Adv-4-Adv: Thwarting Changing Adversarial Perturbations via Adversarial Domain Adaptation
This addresses the critical issue of adversarial robustness in deep learning models, providing a solution for improving generalization against diverse attacks, though it appears incremental as it builds on existing adversarial domain adaptation techniques.
The paper tackles the problem of adversarial training's inability to generalize to unseen adversarial perturbations by proposing Adv-4-Adv, a method that treats different attacks as domains and uses adversarial domain adaptation to learn robust representations. The result shows that models trained with Adv-4-Adv on simple attacks like FGSM generalize to advanced attacks like PGD, exceeding state-of-the-art performance on datasets such as Fashion-MNIST, SVHN, CIFAR-10, and CIFAR-100.

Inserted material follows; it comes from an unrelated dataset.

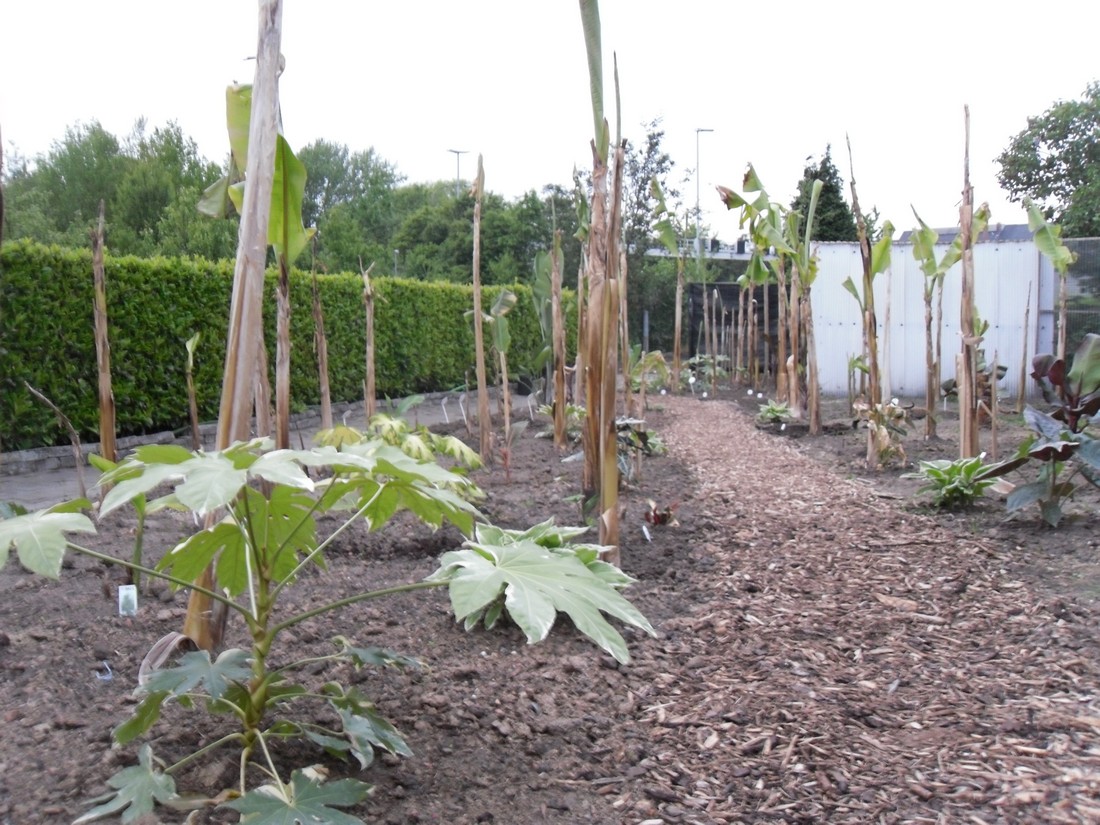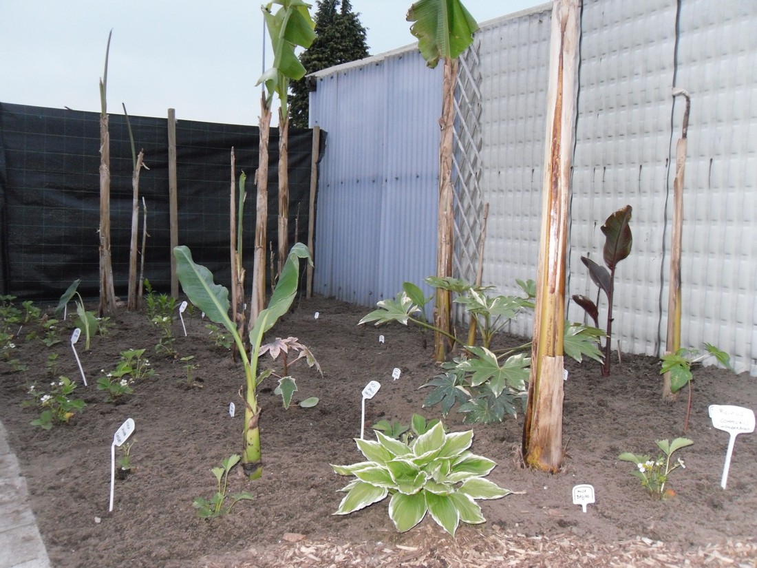 Ben ook begonnen met de borders op te vullen met de specialere banaantjes, colocasia's en bladplanten.

Whereas adversarial training can be useful against specific adversarial perturbations, they have also proven ineffective in generalizing towards attacks deviating from those used for training. However, we observe that this ineffectiveness is intrinsically connected to domain adaptability, another crucial issue in deep learning for which adversarial domain adaptation appears to be a promising solution. Consequently, we proposed Adv-4-Adv as a novel adversarial training method that aims to retain robustness against unseen adversarial perturbations. Essentially, Adv-4-Adv treats attacks incurring different perturbations as distinct domains, and by leveraging the power of adversarial domain adaptation, it aims to remove the domain/attack-specific features. This forces a trained model to learn a robust domain-invariant representation, which in turn enhances its generalization ability. Extensive evaluations on Fashion-MNIST, SVHN, CIFAR-10, and CIFAR-100 demonstrate that a model trained by Adv-4-Adv based on samples crafted by simple attacks (e.g., FGSM) can be generalized to more advanced attacks (e.g., PGD), and the performance exceeds state-of-the-art proposals on these datasets.